Вера в разум казалась верным ответом. Но мог ли Бог, лишенный той таинственности, что долгими веками берегла Его действенную религиозную значимость во множестве других течений, – мог ли такой Бог по-прежнему привлекать христиан с богатым воображением и сильной интуицией? Пуританского поэта Джона Мильтона (1608-1674 гг.) больше всего удручала летопись нетерпимости христианства. В неопубликованном трактате "О христианской доктрине" Мильтон, как человек своей эпохи, попытался реформировать Реформацию и самостоятельно разработать религиозное кредо, которое не зависело бы от чужих мнений и суждений. Мильтон тоже сомневался в таких традиционных доктринах, как догмат о Троице. Примечательно, что подлинным героем его шедевра "Потерянный рай" стал скорее Сатана, чем Бог, чьи деяния поэт намеревался оправдать перед людьми.

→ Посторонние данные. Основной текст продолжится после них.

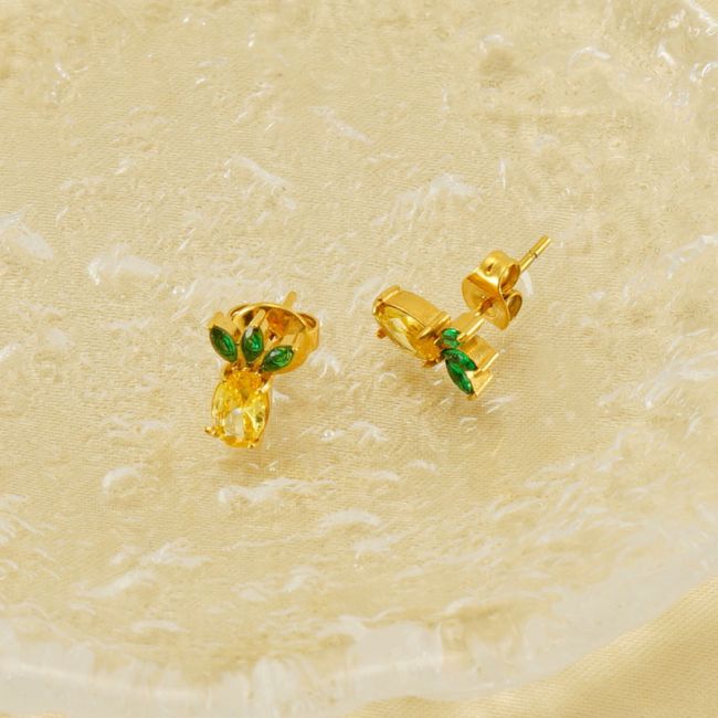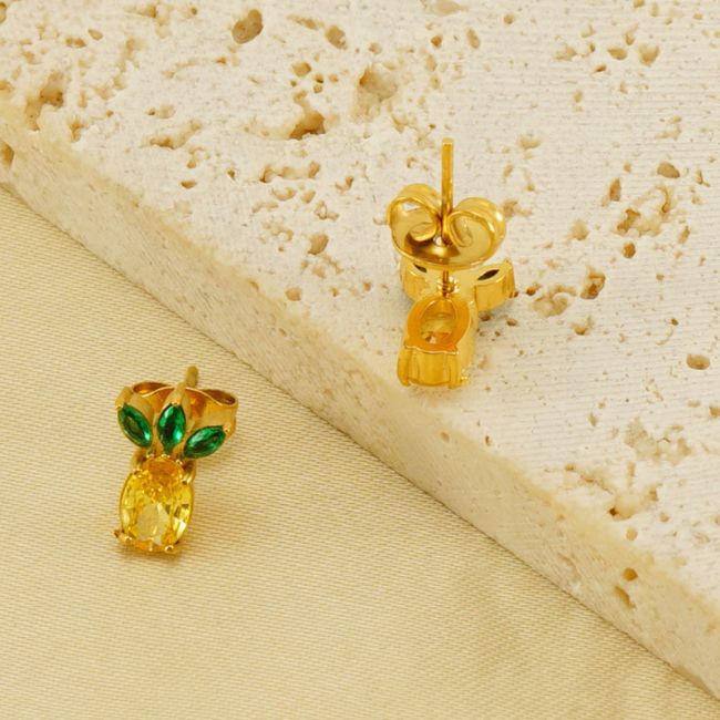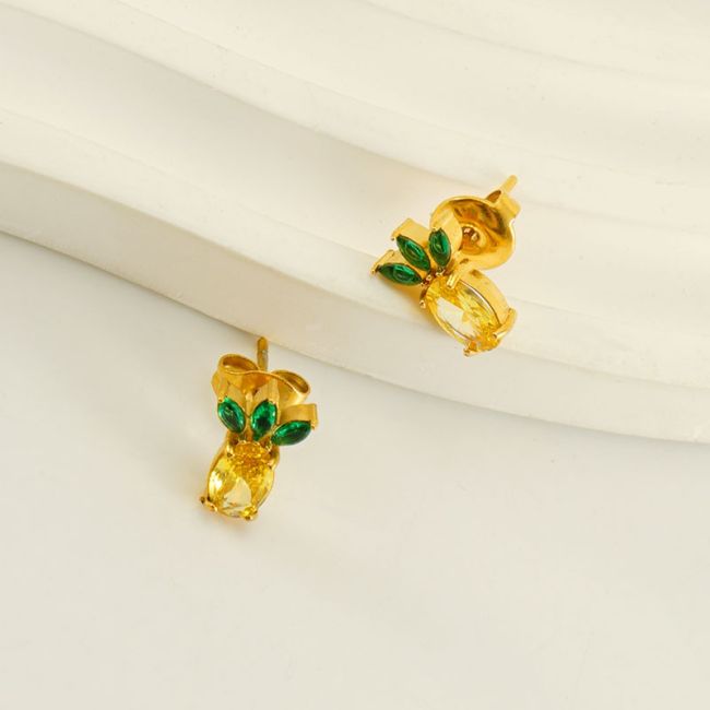 - Design: Playful pineapple-shaped studs with sparkling zircon accents
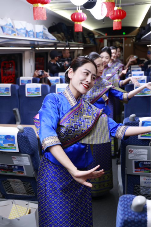 2025年春运首日,中老铁路旅客列车上开展了跨国文化联欢活动。(新华网 徐华陵 摄)
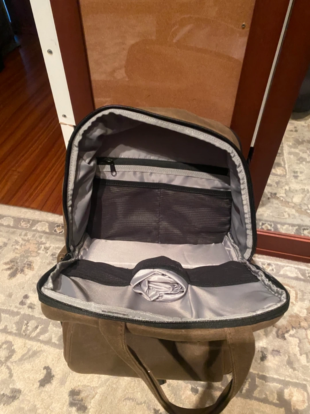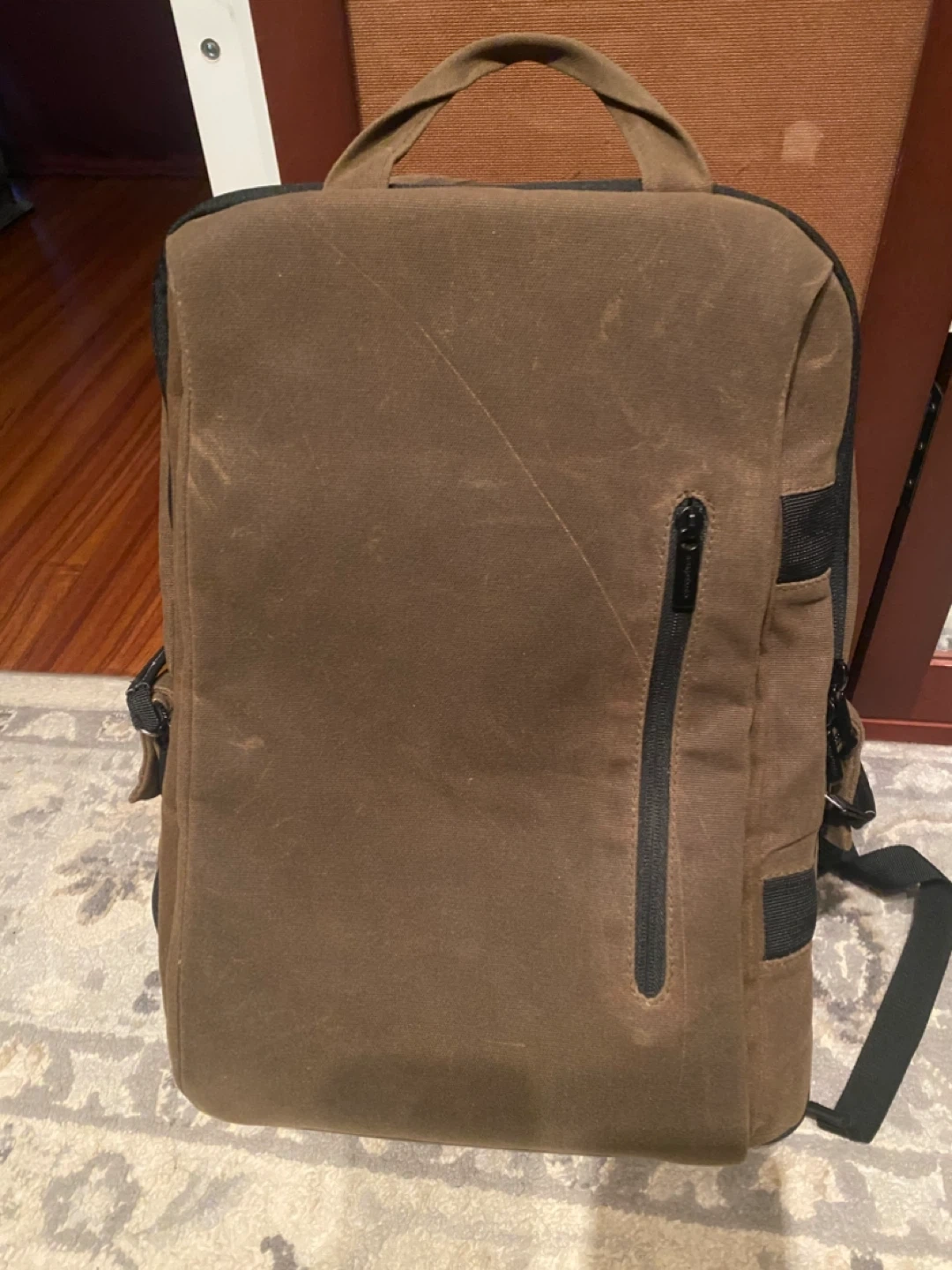 - Water-repellent construction made from tightly woven, waxed canvas.
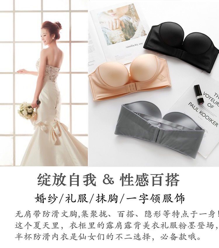 스트랩리스 속옷 여성용 푸시 업 미끄럼 보이지 않는 Rimless Bra Thick Traceless Upper-support 조정 가능한 Small Bra스토어 가기
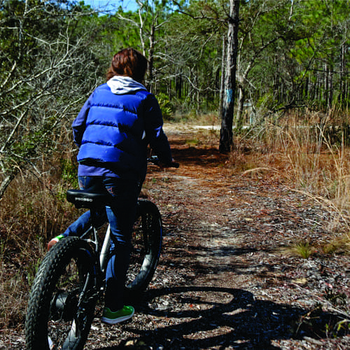 Jason and Emily Medina run Pedego 30A, and they had just invested in four new fat-tire bikes to go off-roading on trails in Grayton Beach State Park and Point Washington State Forest. Working with the Choctawhatchee Basin Alliance (CBA), they designed a map based on the- tire bike rental back to CBA as a recurring gift. Alison McDowell, Director of CBA, and I had arrived to take one final spin around the mapped route with Jason and his team before the maps went public.

Мильтоновский Сатана имеет много общего с новым типом европейца: он ниспровергает авторитеты и бросает вызов неведомому, а отважное путешествие из Ада через Хаос к только что сотворенной Земле превращает его в настоящего первопроходца. С другой стороны, Бог Мильтона отражает все нелепости западного буквализма. В отсутствие мистического понимания Троицы положение Сына в поэме становится крайне двусмысленным: совершенно неясно, например, кто Он – второй Бог либо просто сотворенное существо, пусть и предстоящее выше ангелов. Так или иначе, Сын и Отец у Мильтона – две принципиально разные сущности. Чтобы выяснить намерения друг друга, они вынуждены вступать в пространные и чрезвычайно скучные диалоги – несмотря на то, что поэт прямо признает в Сыне Слово и Премудрость Отца.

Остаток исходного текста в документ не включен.